Now, after six years of pressure from groups like Farm Action, USDA is finally enforcing a voluntary “Product of USA” label for beef and pork. Under the new guidelines, a package of meat can’t say “Product of USA” unless the animal was born, raised, and slaughtered in the US. USDA enforcement of the voluntary label went into effect January 1.
American producers of grassfed beef have been the group hurt most by the labeling loophole. The United States both imports and exports large quantities of beef, but they’re not equivalent—the exports are mostly grain-fattened beef and the imports are mostly grassfed beef. Feedlot beef is too fatty to make good hamburgers, so meat processing plants blend in trimmings from grassfed cattle to get the proper fat-to-lean ratio. Under the old loophole, they could import grassfed beef and still label the hamburger as “Product of USA.”
With that loophole finally closed, packers who want to use the “Product of USA” label will have to source all of their beef from the US. Of course, unlabeled beef could still be from anywhere, which is why Farm Action is still pushing for MCOOL in beef and pork. But at least the voluntary label is a start toward more transparency in the meatpacking industry.

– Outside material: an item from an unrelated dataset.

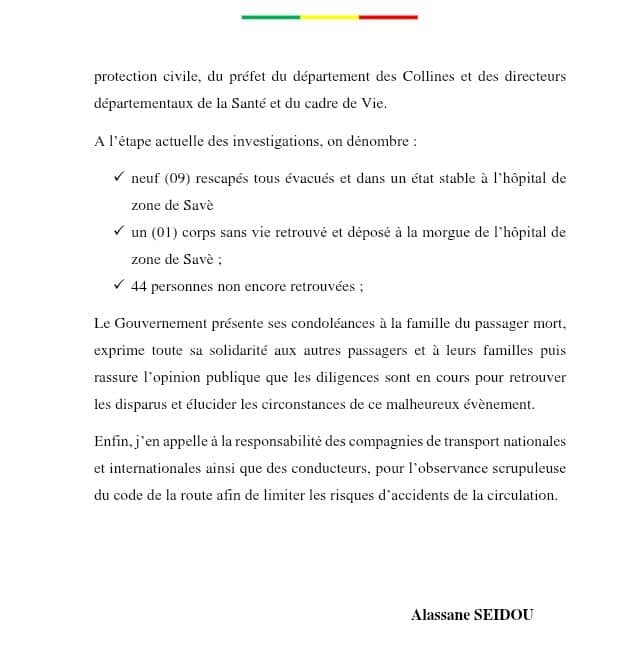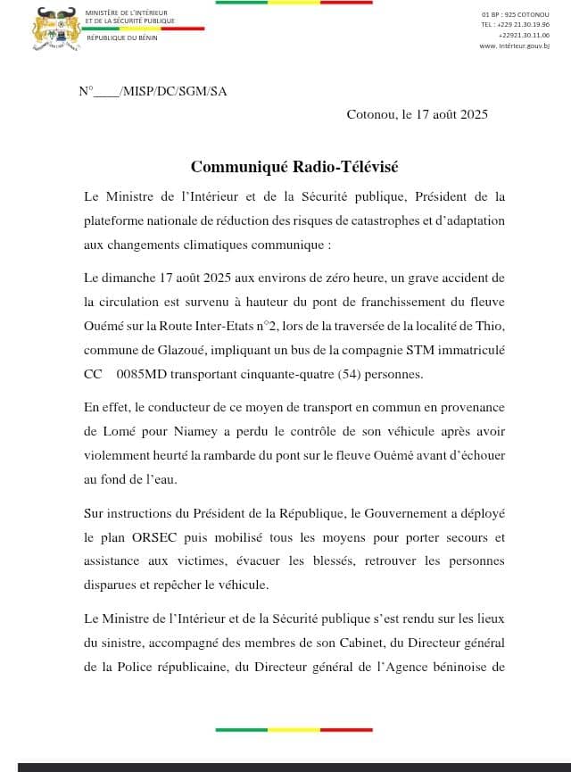 Dans un communiqué en date de ce dimanche 17 août 2025, le gouvernement béninois a donné un peu plus de détails sur l’accident tragique survenu sur l’axe Glazoué-Savè, où un autocar a chuté dans le fleuve Ouémé. Selon le ministre de l’Intérieur, Alassane SEIDOU, le bilan provisoire fait état de 9 rescapés, d’un corps retrouvé et de 44 personnes portées disparues. Les opérations de recherche et de repêchage se poursuivent, précise le communiqué.

The USDA is launching a campaign to raise public awareness of the new label, using the tagline “Tastes Like Freedom” and providing a downloadable “Product of USA” label for compliant processors to use on their products. Hopefully this campaign will encourage consumers to look for and purchase beef with the new label—which will, in turn, increase the market for grassfed beef produced in the US.
As eco-farmers, we can help by spreading the word that grassfed beef makes the best hamburgers—especially if it’s produced in the USA.